Is HTML Copyrightable?
Chris Redd asks: "I am involved now in a lawsuit where the basis is that HTML code is copyrightable. My question is, when can HTML code be copyrighted? Here is a brief explanation: I was brought in as a contractor to finish a website for an advertising agency because Company X (who started the job) didn't have the expertise to finish it. The advertising agency that brought me in did all the design, created the graphics and came up with all of the concepts (so they own the design/style of the site). Now the first company is suing me for Intellectual Property theft, saying I stole proprietary code. I don't see it that way, they didn't do any design, and any code they had was generated by a commercial program!" Strange, but I would think that since Company X were hired to do the job, then whatever they had developed belonged to the advertising agency that hired them. Am I missing an issue here that would make this untrue?

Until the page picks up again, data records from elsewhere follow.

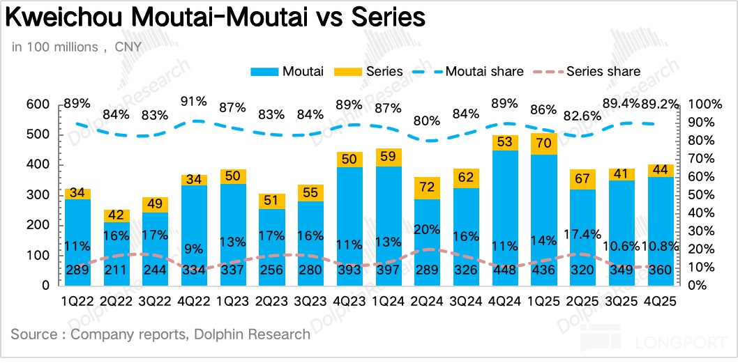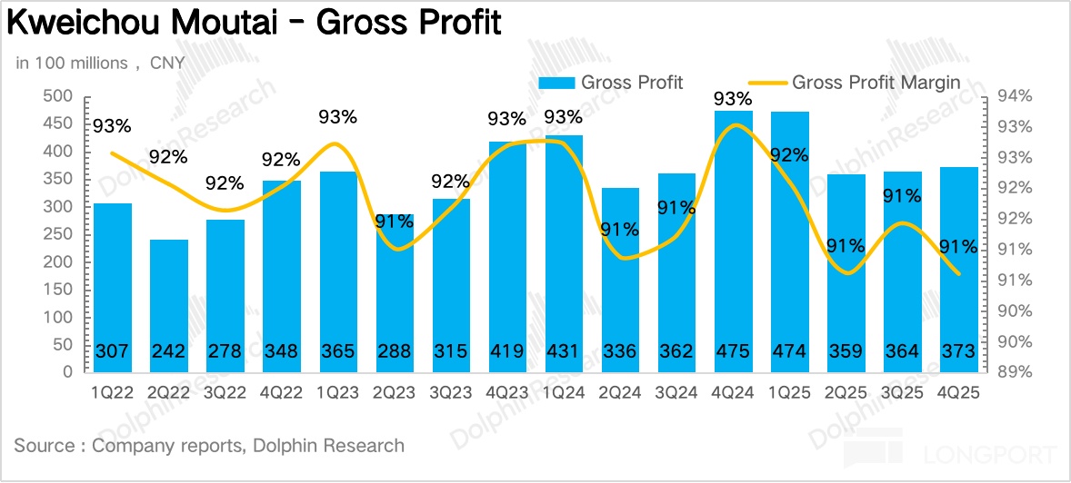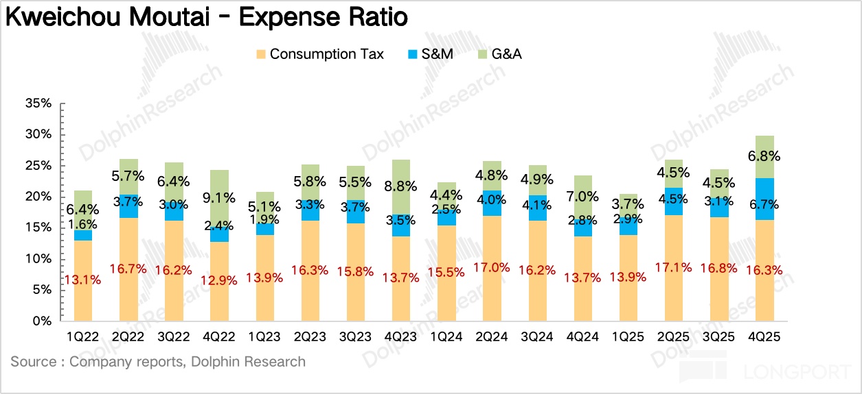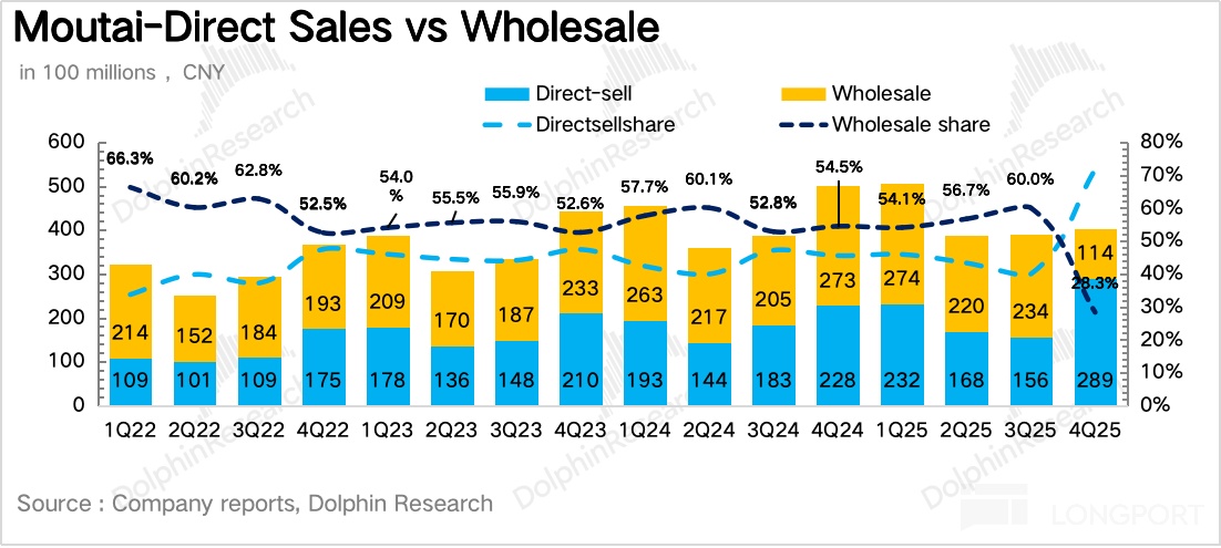 4、直营占比大幅拉升。从渠道结构来看,4Q25 茅台直营渠道实现营收 289 亿元,同比增长 27%,占比阶段性拉高到 72%。在 i 茅台几乎不贡献收入的情况下(i 茅台内部改革)海豚君推测茅台把部分原本流向批发渠道的配额投向了企业团购、线下自营体验店等直营渠道。
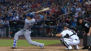 Bellinger jonroneó en el quinto y después hizo una audaz atrapada para poner fin al inning. El primera base cayó al dugout de los Dodgers al atrapar el elevado de out al campocorto de Jeff Mathis, y estuvo a punto de caer sobre el regazo del manager Dave Roberts.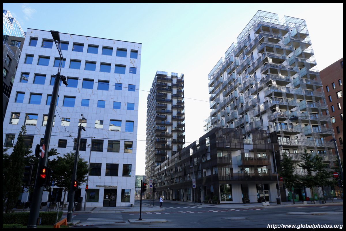 Starting from outside Oslo's main train station, Barcode is a new architecture zone where some 10,000 people work. The area was returned to the people in 2000 when the harbour was moved. The revised city plan was approved in 2003, envisoning a series of narrow buildings, with the 12 that make up the district today being spaced to make the area look like a barcode.Construction began in 2005 and the last building was completed 11 years later. Surrounding these 12 are a number of other newer buildings, albeit not officially part of Barcode.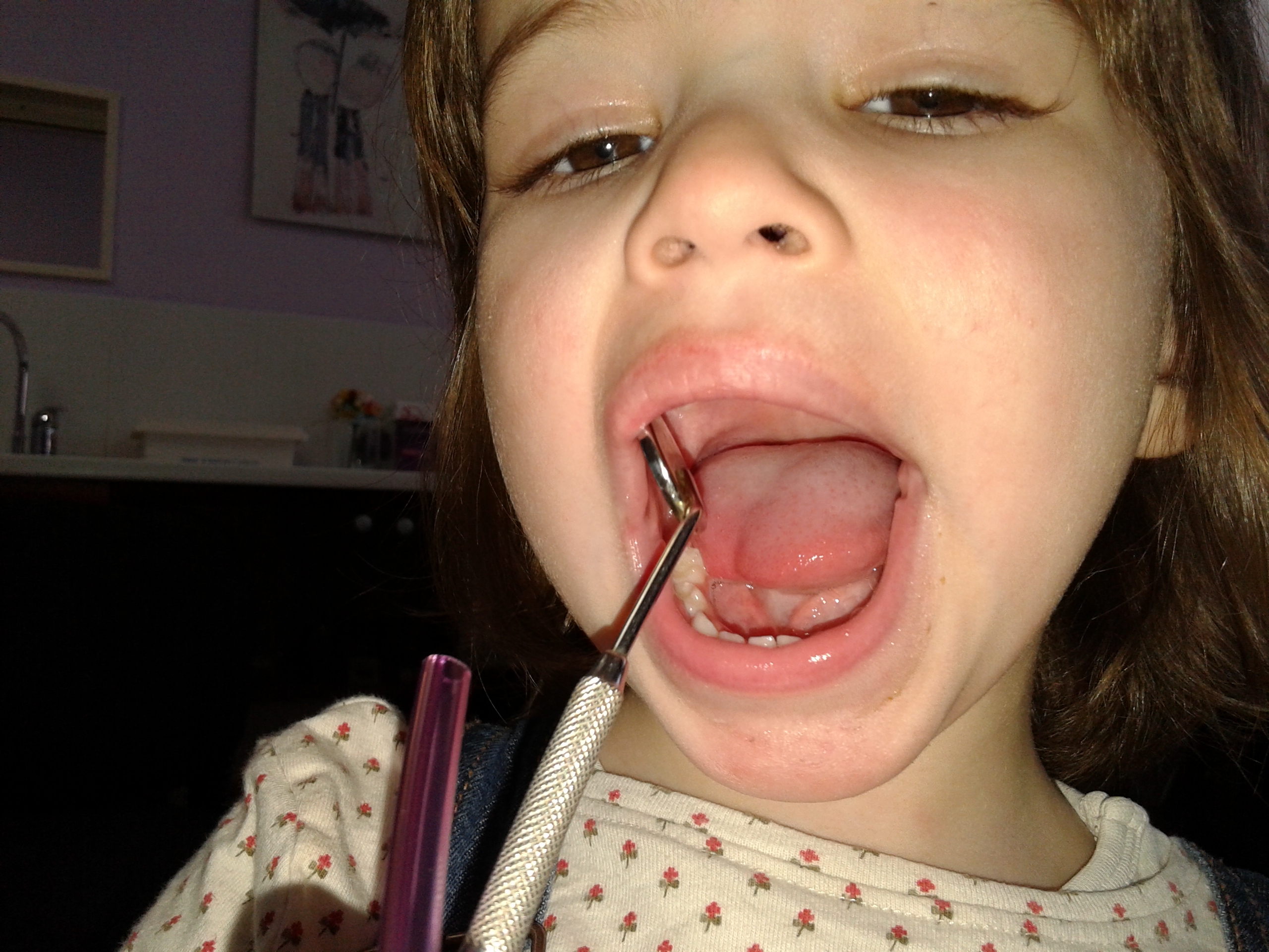 Nakon što su se naša kćer i tata poigrali sa stakalcem za pregledavanje zuba, spretna doktorica je to iskoristila da i sama ‘baci pogled‘ u usnu šupljinu i tako je u stvari kroz igru uspjela pogledati sve zube. Na sreću, nismo imali niti jedan karijes.
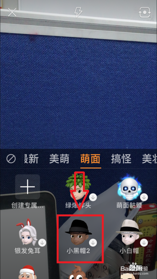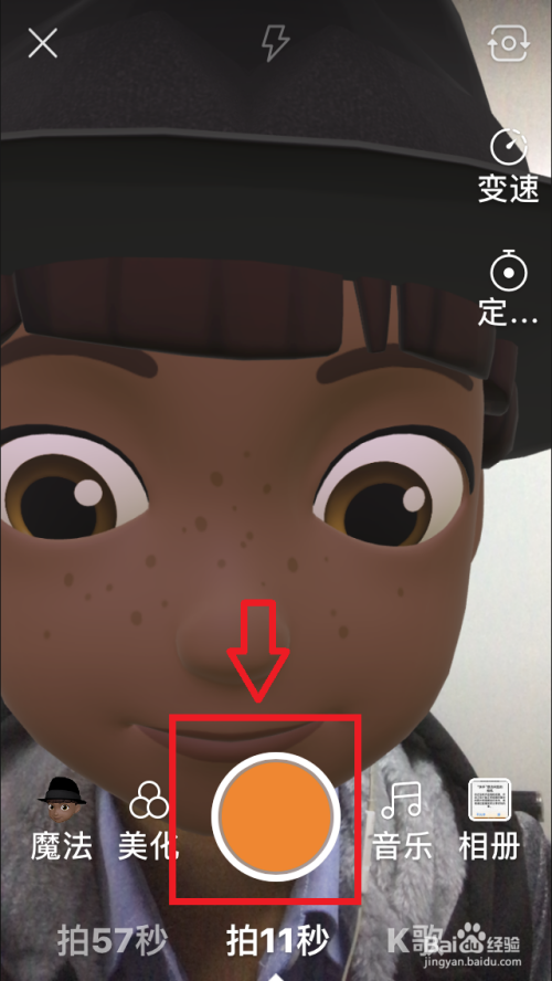 点击“魔法”——“萌面”,点击下载选择一条目“Kmoji”模子,点击底部“快门”进行拍摄。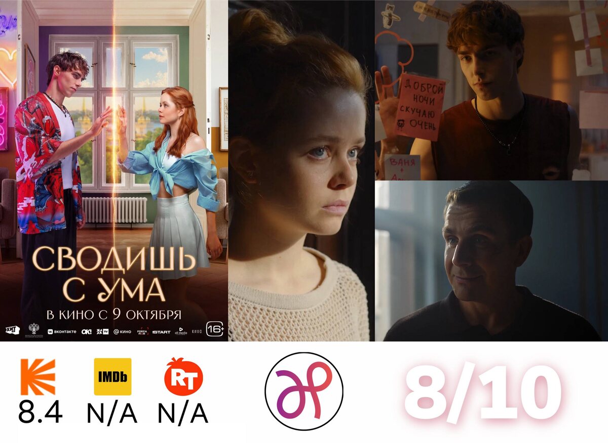 Сводишь с ума (2025) Миленькая любовная зарисовка на тему параллельных вселенных с яркой Милой Ершовой и приятным Юрой Насоновым. Этакий «Дом у озера» на минималках, в чуть более комедийном исполнении и с теплым питерским вайбом. Овер-топ в оценках на КП конечно избыточен — фильм скорее удачно хайпанул, нежели реально отработал такой рейтинг, но проходным он от этого не стал. Нормальная романтика. ▶️ Трейлер

"The company they HAD doing it simply put the pieces together in DreamWeaver.
I used there DreamWeaver code as a base (to get it done quickly), but I went through the code and re-did it to run under Unix (they had it running on an NT box). I also replaced all the backend NT executables with CGI/Perl and a Java Servlet for the shopping cart, all code I wrote myself.
The advertising agency is having their lawyers defend me, but I wanted to get the technical view from Slashdot, since the lawyers just drill me and keep me out of the loop."
This shouldn't really be a matter of whether it's HTML, or any other particular kind of code, but a pretty normal IP problem. And how the code was generated shouldn't really be a factor either.
IANALBILTTATSA.
(I am not a lawyer but I like to talk about this stuff anyway.)
"You can never have too many elephants on your team."
First of all, this is a non-issue because everything you can do with HTML has been done 1000 times before... hell, they probably stole the code themselves.
Remember, HTML is just a presentation "language". It's not what is copyrightable. What IS copyrightable, however, is the data that it marks up.
IAAL, but get your own before you take my word for anything. 1) Yes, HTML code is copyrightable. If the company does have the copyright to it, they can stop you from copying. 1a) No, the company can't do anything about it if you re-wrote the thing from scratch on your own. 2) The company will have copyright if what you did was a "work made for hire," otherwise you have the copyright. 3) The question of "work made for hire" depends on agency law according to the leading case (CCNV v. Reid), which involves around 12 factors. Good luck!
I got an error the first time I tried to post this, so...
When, oh when, will people stop asking for legal advice on Slashdot?
Not only are the odds in favor of getting dozens of not-necessarily-correct opinions from non-lawyers very high, but I consider it extremely unlikely that any lawyer who does read this is going to give out free advice.
Spend a couple hundred bucks, and talk to someone in your hometown who is well versed in copyright law. Don't ask the folks who (in general) come off as supporting the copyright violations facilitated by Napster and Gnutella.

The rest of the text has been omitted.